1 files changed, 17 insertions, 0 deletions
diff --git a/docs/01_library.dox b/docs/01_library.dox
index 20d057c2c9..e3f673df82 100644
--- a/docs/01_library.dox
+++ b/docs/01_library.dox
@@ -366,5 +366,22 @@ mm->finalize();                // Finalize memory manager (Object lifetime check
 conv1.run();
 conv2.run();
 @endcode
+
+@section S4_8_opencl_tuner OpenCL Tuner
+
+OpenCL kernels when dispatched to the GPU take two arguments:
+- The Global Workgroup Size (GWS): That's the number of times to run an OpenCL kernel to process all the elements we want to process.

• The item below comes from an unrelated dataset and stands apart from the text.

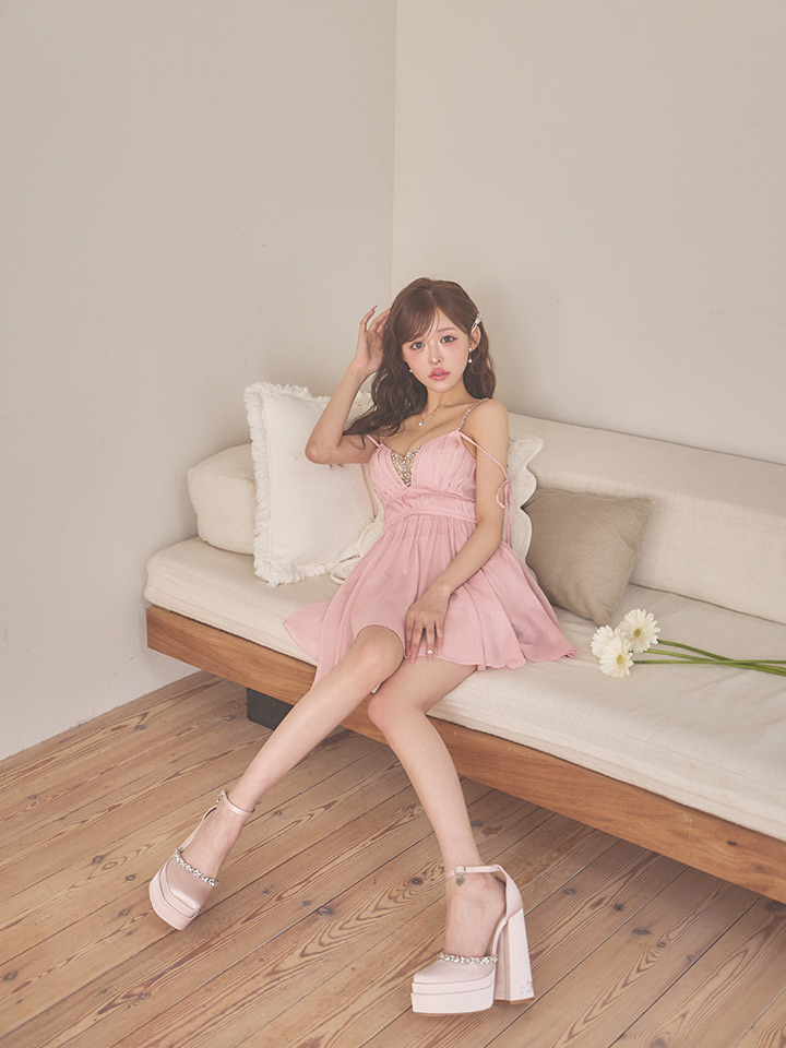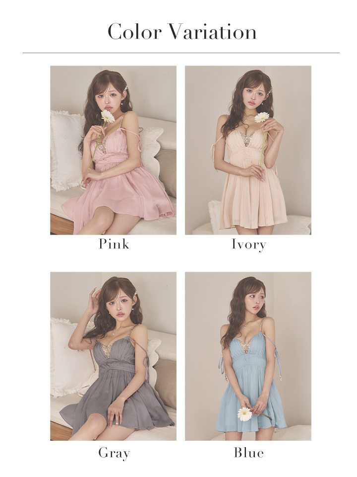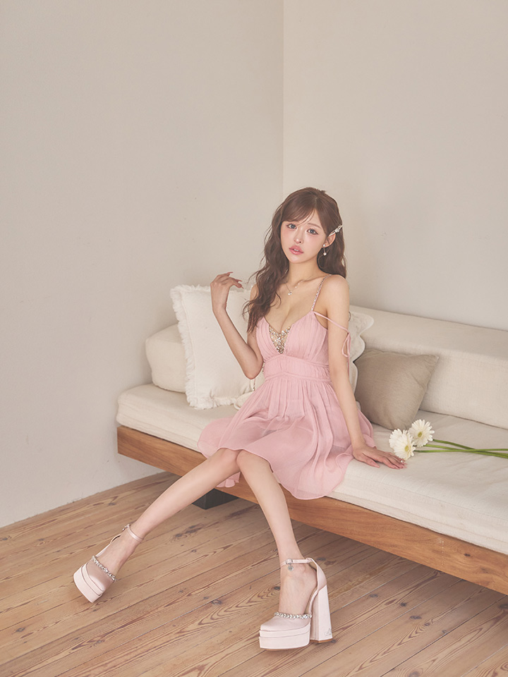- > 【予約商品/4月上旬-4月中旬発送予定】XSサイズあり【ANGEL R/エンジェルアール】Vカット/ バストビジュー/ シフォン/ ショルダー/ リボン/ フレア/ マイクロミニドレス/ キャバドレス[OF2]

+- The Local Workgroup Size (LWS): That's the number of elements we want to run in parallel on a GPU core at a given point in time.
+
+The LWS can be required by an algorithm (For example if it contains memory barriers or uses local memory) but it can also be used for performance reasons to tweak the performance of a kernel: the execution time of the overall kernel might vary significantly depending on how the GWS is broken down.
+
+However, there is no universal rule regarding which LWS is best for a given kernel, so instead we created the @ref CLTuner.
+
+When the @ref CLTuner is enabled ( Target = 2 for the graph examples), the first time an OpenCL kernel is executed the Compute Library will try to run it with a variety of LWS values and will remember which one performed best for subsequent runs. At the end of the run the @ref graph::Graph will try to save these tuning parameters to a file.
+
+However this process takes quite a lot of time, which is why it cannot be enabled all the time.
+
+But, when the @ref CLTuner is disabled ( Target = 1 for the graph examples), the @ref graph::Graph will try to reload the file containing the tuning parameters, then for each executed kernel the Compute Library will use the fine tuned LWS if it was present in the file or use a default LWS value if it's not.
+
 */
 } // namespace arm_compute